One famous Guiness World Record holder feared for his life and sanity while trapped in a block of ice. It wasn’t the stunt itself that spooked self-professed street magician David Blaine, it was the sleep deprivation. He described five days without so much as a nap as the most horrific thing humans can experience, in a recent interview for the book “Wide Awake: A Memoire of Insomnia.”
The Guiness World Records banned the sleep-deprivation category of stunts because of the potential health hazard, yet many officially sanctioned feats still require staying awake for days.

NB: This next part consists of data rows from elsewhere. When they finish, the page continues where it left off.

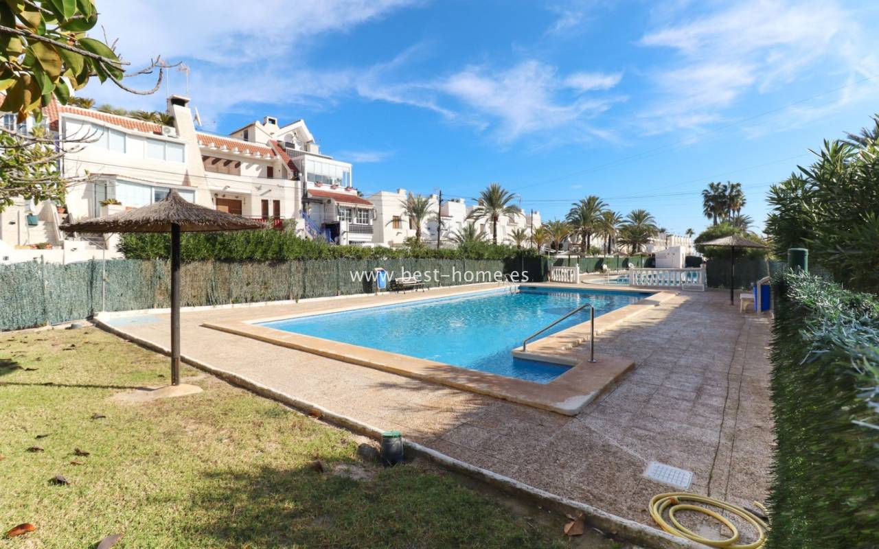 Apartament położony w urokliwej dzielnicy La Veleta w Torrevieja, zaledwie 100 metrów od morza, oferuje komfortowe i funkcjonalne wnętrza. Mieszkanie znajduje się na trzecim piętrze i składa się z dwóch sypialni oraz jednej łazienki. Do dyspozycji mieszkańców jest balkon o powierzchni 10 m² z otwartym widokiem, idealny do wypoczynku na świeżym powietrzu. Nieruchomość znajduje się na terenie osiedla z bazą wspólnotową, w okolicy dostępne są sklepy, apteka oraz stacja paliw. Centrum Torrevieja jest oddalone o około 5 minut jazdy samochodem, co zapewnia wygodny dostęp do pełnej infrastruktury miasta.
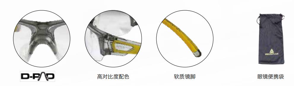 運動款PC防護眼鏡,PC/TPR復合雙材料鏡腿,黃黑高對比度炫酷配色,“D-PAD”獨特創新鼻梁架,高度貼合面部自由調節高度,可適用于任何臉型。隨眼鏡附贈便攜袋一個。
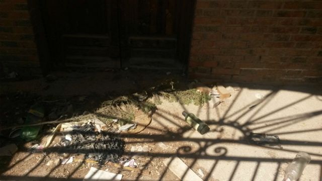 La edil socialista denuncia los destrozos y pintadas en la mayoría de los elementos ornamentales y de mobiliario urbano, así como la acumulación de excrementos de animales y basura en las jardineras, en los rellanos vallados de los soportales anexos a la Plaza, y en las escaleras que dan acceso al sótano de las instalaciones del histórico Centro Comarcal de Salud.
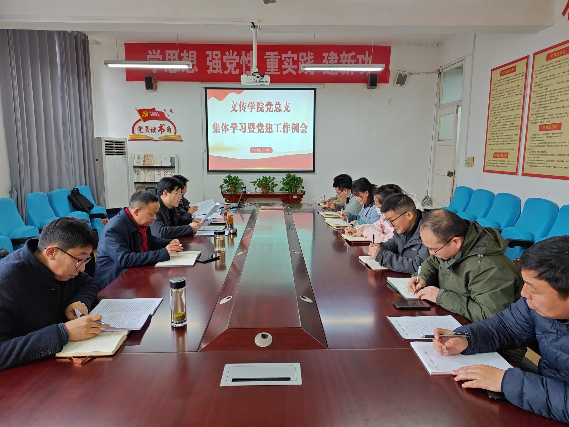 2月28日下午,文传学院理论学习中心组在2307召开党总支集体学习暨党建工作例会,学院党总支委员、各党支部书记、系主任、团总支书记参加学习研讨,会议由学院党总支书记芦伟主持。
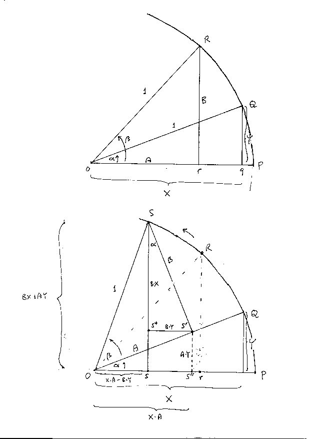 Putting these results together, we find: length of Ss = length Ss* + length s*s = {B x X} + {A x Y}. Summing up: the lengths of the horizontal and vertical sides of the right triangle, generated by the angle {alpha} + {beta}, are {X x A} - {Y x B} and {X x B} + {Y x A} respectively, where X,Y and A, B are the sides of the right triangles corresponding to {alpha} and {beta} (see Figure 7b).
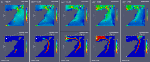 核泄漏事故后不同時刻近岸流場(上)及核素濃度(下)分布的動態仿真模擬

This baffling policy sends mixed messages about sleep deprivation. Staying up for a week straight isn't okay unless the time is spent playing trading card games?
A bowler who recently disregarded his own health to chase a world record shared Blaine’s sentiments about sleep-deprivation. He called the mental anguish from sleeplessness the hardest part the world’s longest tenpin bowling marathon.
ESPN Dallas reports Stephen Shanabrook, 24, rolled for five days straight at a 24 hour bowling alley in Plano, Texas.
Unlike Blaine he allowed himself to take a few extremely brief naps. The longest lasted only two hours. Shanabrook aimed for five games an hour or a game every 12 minutes because the official Guiness rules state the record-holder must bowl within the “spirit of the game.” Any time that was left over could be accumulated and used for whatever he wanted. Naturally he chose bathroom breaks, eating and occasionally napping.
The stunt began last Monday and ended five days and five hours later, easily shattering the current record.